Reputation: 197
I want to run a simple task using multiprocessing (I think this one is the same as using parfor in matlab correct?)
For example:
from multiprocessing import Pool
def func_sq(i):
fig=plt.plot(x[i,:]) #x is a ready-to-use large ndarray, just want
fig.save(....) #to plot each column on a separate figure
pool = Pool()
pool.map(func_sq,[1,2,3,4,5,6,7,8])
But I am very confused of how to use slurm to submit my job. I have been searching for answers but could not find a good one. Currently, while not using multiprocessing, I am using slurm job sumit file like this:(named test1.sh)
#!/bin/bash
#SBATCH -N 1
#SBATCH -n 1
#SBATCH -p batch
#SBATCH --exclusive
module load anaconda3
source activate py36
srun python test1.py
Then, I type in sbatch test1.sh in my prompt window.
So if I would like to use the multiprocessing, how should I modify my sh file? I have tried by myself but it seems just changing my -n to 16 and Pool(16) makes my job repeat 16 times.
Or is there a way to maximize my performance if multiprocessing is not suitable (I have heard about multithreating but don't know how it exactly works)
And how do I effectively use my memory so that it won't crush? (My x matrix is very large)
For the GPU, is that possible to do the same thing? My current submission script without multiprocessing is:
#!/bin/bash
#SBATCH -n 1
#SBATCH -p gpu
#SBATCH --gres=gpu:1
Upvotes: 5
Views: 5711
Reputation: 10820
The "-n" flag is setting the number of tasks your sbatch submission is going to execute, which is why your script is running multiple times. What you want to change is the "-c" argument which is how many CPUs each task is assigned. Your script spawns additional processes but they will be children of the parent process and share the CPUs assigned to it. Just add "#SBATCH -c 16" to your script. As for memory, there is a default amount of memory your job will be given per CPU, so increasing the number of CPUs will also increase the amount of memory available. If you're not getting enough, add something like "#SBATCH --mem=20000M" to request a specific amount.
Upvotes: 7
Reputation: 6113
I don't mean to be unwelcoming here, but this question seems to indicate that you don't actually understand the tools you're using here. Python Multiprocessing allows a single Python program to launch child processes to help it perform work in parallel. This is particularly helpful because multithreading (which is commonly how you'd accomplish this in other programming languages) doesn't gain you parallel code execution in Python, due to Python's Global Interpreter Lock.
Slurm (which I don't use, but from some quick research) seems to be a fairly high-level utility that allows individuals to submit work to some sort of cluster of computers (or a supercomputer... usually similar concepts). It has no visibility, per se, into how the program it launches runs; that is, it has no relationship to the fact that your Python program proceeds to launch 16 (or however many) helper processes.

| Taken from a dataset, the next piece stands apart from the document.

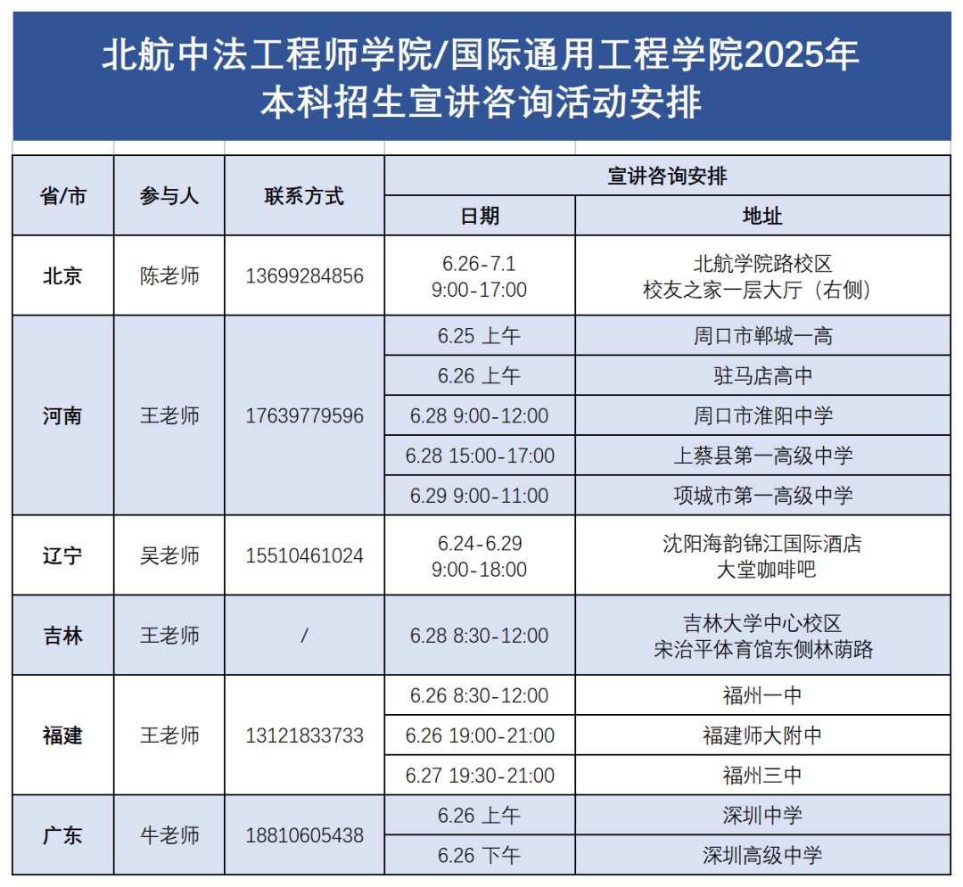 为了方便各位考生和家长更加详细的了解招生政策,公司招生团队将赴全国多个招生省市,参加2025年志愿填报咨询会活动。宣讲咨询会的具体安排见下表,欢迎各位考生和家长前来咨询!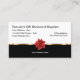 Executive gift services business cards in a classy design created with a gold colored design element and a gift bow in the background.

Its job is to schedule your Python program to run as a black box, then sit back and make sure it finishes successfully.
You seem to have some vague data processing problem. You describe it as a large matrix, but you don't give nearly enough information for me to actually understand what you're trying to accomplish. Regardless, if you don't actually understand what you're doing and how the tools you're using work, you're just flailing until you maybe eventually get lucky enough for this to work. Stop guessing, figure out what these tools do, look around and read documentation, then figure out what you're trying to accomplish and how you could go about splitting up the work in a reasonable fashion.

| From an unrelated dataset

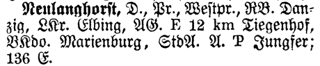 Prov Westpr. - The Province shows which Province or State the place is located in. Neulanghorst is located in Westpreussen.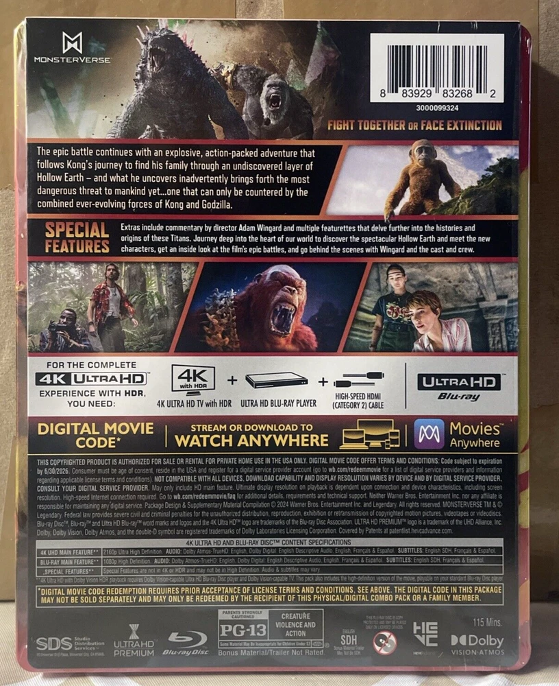 GODZILLA X KONG: THE NEW EMPIRE (4K UHD + BLU-RAY + DIGITAL* - EXCLUSIVE STEELBOOK™ EDITION) *** This item Brand New & Factory Sealed and Ready for immediate shipment*** Shipped with USPS Media Mail- Boxed and Bubble Wrapped *DIGITAL COPY SUBJECT TO EXPIRATION DATE WMT

Here's my best guess, but I really have very little information to work from so it may not be helpful at all:
Pool().map
is probably the right direction to be headed in. Create some Python generator that produces rows of your data matrix, then pass that generator and func_sq
to pool.map
, and sit back and wait for the job to finish.This doesn't sound like a trivial problem, and even if it were, you don't give sufficient details for me to provide a robust answer. There's no "just fix this one line" answer to what you've asked, but I hope this helps give you an idea of what your tools are doing and how to proceed from here.
Upvotes: -2